When we alcoholics, especially in early recovery, operate in total isolation, our thinking can become extremely confused. We need the interaction, sharing and cross checking of someone who is on the same path -- the path of recovery from alcoholism.
Without the sharing of the Fifth step, we cannot hope to participate in the sharing in depth so necessary to recovery.
Admitting these things to our Higher Power is not to gain forgiveness. It is to gain the Higher Power's assistance in rendering them powerless to wreak the havoc in our lives that they have in the past.
It is a case of bringing them out for our Higher Power to assist us in their transformation and ultimately in the transformation of our lives.
6. Were entirely ready to have God remove all these defects of character.
Were entirely ready to have all these defects of character removed. It might seem the height of simplicity to state that first we must be ready to be willing before we can change. But many people know they should change, but are not really ready nor really willing. Perhaps the closest they can come is wanting to be willing.

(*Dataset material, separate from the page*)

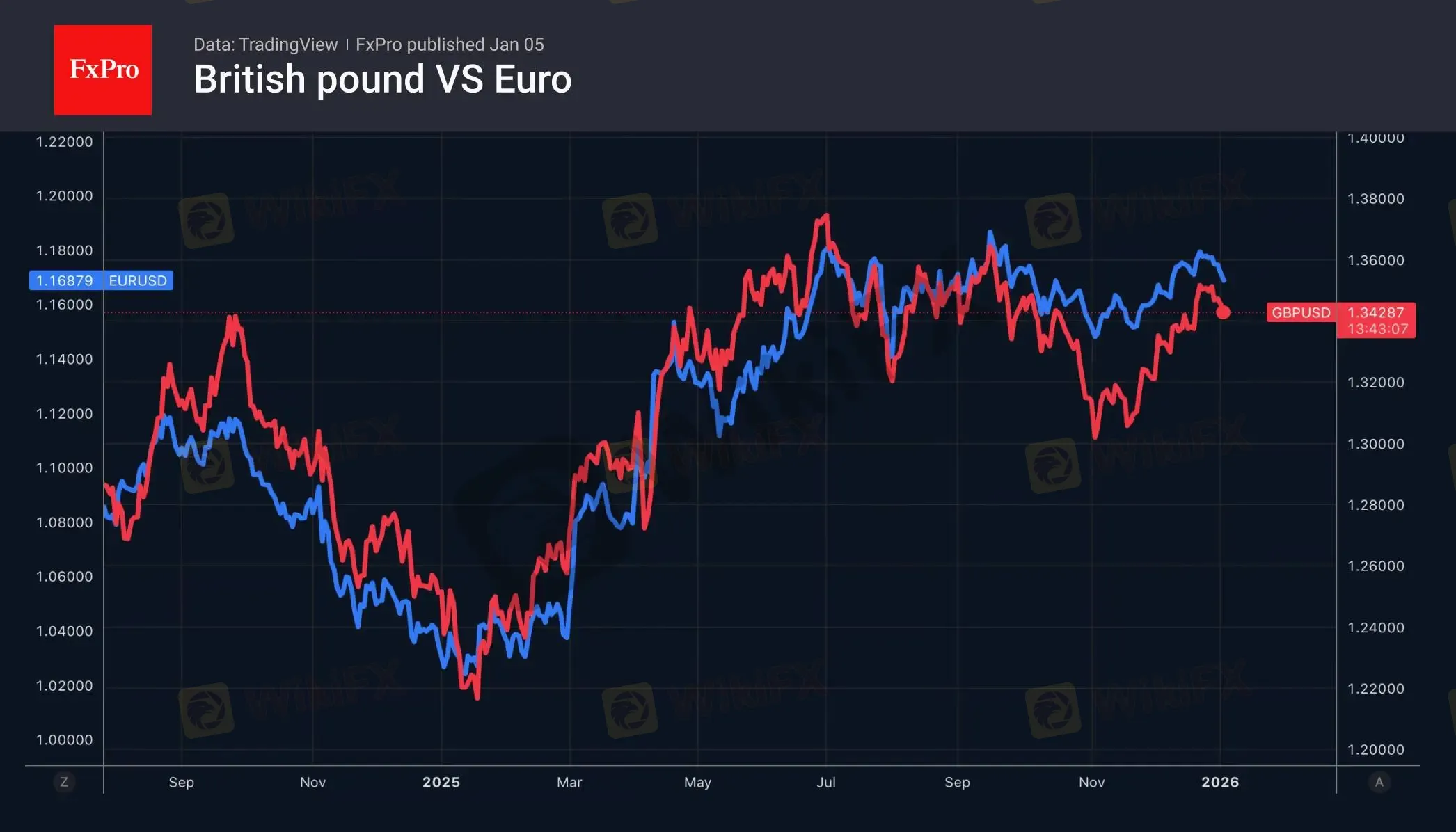 期货市场预计,1月联邦公开市场委员会(FOMC)会议降息的概率为17%,3月会议的降息概率则升至48%。美联储计划至少在春季前不采取任何措施,这一立场为美元走强提供了支撑。当前,受美国国债与欧亚债券收益率利差扩大影响,美元兑主要世界货币汇率持续攀升。

7. Humbly asked Him to remove our shortcomings.
Humbly sought guidance and help in removing our shortcomings. We do need the help of someone or something. In this case it must and can be someone, probably in A.A.. It possibly could be that someone and both of your Higher Powers, if that makes sense to you.
Unaided, alone, and on our own, we have descended deeper and deeper into the morass of alcoholism. We cannot continue, on the hermit's path. We seek and obtain the help, spiritual and psychological, available in A.A..
Around any A.A. table we can find, a plenitude of experience of recovery from alcoholism, through the use of a spiritual agency. It is not necessary to agree theologically and doctrinally with someone, to learn from their experiences.
It is not important that we agree on what name we call this Higher Power, nor what book best describes it; rather it is important what personality it has.
A pig will automatically go back into the mud and slop because it is a pig. Without the program, without the steps, particularly this one, we do not change. Without change, we will still be the persons who crawled out of the slop and the mud. We will, like the pig, automatically go back into what we crawled out of, because this is all we know and the only place we feel that we belong.
To attain recovery and serenity, we must change. All of the steps in the A.A. program are designed to bring about this change and this is one, of the key ones. Remember, there are books, pamphlets and people in the program that can help us if we are open minded in our search.
8. Made a list of all persons we had harmed and became willing to make amends to them all.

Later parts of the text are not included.